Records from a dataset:
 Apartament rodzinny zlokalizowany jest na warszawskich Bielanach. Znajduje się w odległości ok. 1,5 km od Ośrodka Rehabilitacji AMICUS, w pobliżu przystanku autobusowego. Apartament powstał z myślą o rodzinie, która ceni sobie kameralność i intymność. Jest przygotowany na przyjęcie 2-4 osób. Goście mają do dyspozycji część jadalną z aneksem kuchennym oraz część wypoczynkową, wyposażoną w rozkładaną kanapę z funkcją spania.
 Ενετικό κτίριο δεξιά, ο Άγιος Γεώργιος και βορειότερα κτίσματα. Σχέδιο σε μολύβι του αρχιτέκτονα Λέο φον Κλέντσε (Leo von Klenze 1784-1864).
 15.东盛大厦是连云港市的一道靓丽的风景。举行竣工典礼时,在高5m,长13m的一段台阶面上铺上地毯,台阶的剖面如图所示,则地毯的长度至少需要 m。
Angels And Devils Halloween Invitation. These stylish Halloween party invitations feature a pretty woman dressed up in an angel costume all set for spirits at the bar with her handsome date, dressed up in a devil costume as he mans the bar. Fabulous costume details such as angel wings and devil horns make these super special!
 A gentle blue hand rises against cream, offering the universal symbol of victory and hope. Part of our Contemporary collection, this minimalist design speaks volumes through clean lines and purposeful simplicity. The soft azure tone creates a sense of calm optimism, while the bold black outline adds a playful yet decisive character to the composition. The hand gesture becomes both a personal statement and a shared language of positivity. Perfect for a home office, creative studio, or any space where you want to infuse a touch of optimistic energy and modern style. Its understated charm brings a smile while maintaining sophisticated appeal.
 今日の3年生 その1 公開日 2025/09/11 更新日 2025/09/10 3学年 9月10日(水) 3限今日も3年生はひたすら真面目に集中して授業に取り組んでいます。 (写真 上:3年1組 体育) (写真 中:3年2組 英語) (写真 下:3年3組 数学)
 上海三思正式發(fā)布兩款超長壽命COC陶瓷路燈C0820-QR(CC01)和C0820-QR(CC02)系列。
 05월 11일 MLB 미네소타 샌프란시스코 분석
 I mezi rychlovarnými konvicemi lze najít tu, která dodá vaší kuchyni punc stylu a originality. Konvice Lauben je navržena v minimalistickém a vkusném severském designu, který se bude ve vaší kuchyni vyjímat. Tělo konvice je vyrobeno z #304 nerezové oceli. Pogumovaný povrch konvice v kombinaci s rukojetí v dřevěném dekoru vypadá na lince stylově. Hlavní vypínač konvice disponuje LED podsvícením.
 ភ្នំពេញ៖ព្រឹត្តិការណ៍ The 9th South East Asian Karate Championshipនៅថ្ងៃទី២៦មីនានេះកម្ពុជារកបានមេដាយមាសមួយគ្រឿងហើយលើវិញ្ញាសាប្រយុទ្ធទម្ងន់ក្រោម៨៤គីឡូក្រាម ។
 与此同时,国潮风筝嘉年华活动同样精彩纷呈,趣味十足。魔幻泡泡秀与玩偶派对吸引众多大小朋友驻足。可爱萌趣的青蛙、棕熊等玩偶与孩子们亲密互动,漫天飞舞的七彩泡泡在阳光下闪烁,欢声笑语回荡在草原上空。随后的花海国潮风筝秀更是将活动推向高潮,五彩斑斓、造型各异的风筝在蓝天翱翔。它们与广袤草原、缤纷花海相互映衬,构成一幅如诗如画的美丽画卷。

* Task instructions: Each line from the start of the records through the line holding "今日の3年生 その1 公開日" must be returned exactly; nothing else belongs in the answer.

* Result of this task:
 Apartament rodzinny zlokalizowany jest na warszawskich Bielanach. Znajduje się w odległości ok. 1,5 km od Ośrodka Rehabilitacji AMICUS, w pobliżu przystanku autobusowego. Apartament powstał z myślą o rodzinie, która ceni sobie kameralność i intymność. Jest przygotowany na przyjęcie 2-4 osób. Goście mają do dyspozycji część jadalną z aneksem kuchennym oraz część wypoczynkową, wyposażoną w rozkładaną kanapę z funkcją spania.
 Ενετικό κτίριο δεξιά, ο Άγιος Γεώργιος και βορειότερα κτίσματα. Σχέδιο σε μολύβι του αρχιτέκτονα Λέο φον Κλέντσε (Leo von Klenze 1784-1864).
 15.东盛大厦是连云港市的一道靓丽的风景。举行竣工典礼时,在高5m,长13m的一段台阶面上铺上地毯,台阶的剖面如图所示,则地毯的长度至少需要 m。
Angels And Devils Halloween Invitation. These stylish Halloween party invitations feature a pretty woman dressed up in an angel costume all set for spirits at the bar with her handsome date, dressed up in a devil costume as he mans the bar. Fabulous costume details such as angel wings and devil horns make these super special!
 A gentle blue hand rises against cream, offering the universal symbol of victory and hope. Part of our Contemporary collection, this minimalist design speaks volumes through clean lines and purposeful simplicity. The soft azure tone creates a sense of calm optimism, while the bold black outline adds a playful yet decisive character to the composition. The hand gesture becomes both a personal statement and a shared language of positivity. Perfect for a home office, creative studio, or any space where you want to infuse a touch of optimistic energy and modern style. Its understated charm brings a smile while maintaining sophisticated appeal.
 今日の3年生 その1 公開日 2025/09/11 更新日 2025/09/10 3学年 9月10日(水) 3限今日も3年生はひたすら真面目に集中して授業に取り組んでいます。 (写真 上:3年1組 体育) (写真 中:3年2組 英語) (写真 下:3年3組 数学)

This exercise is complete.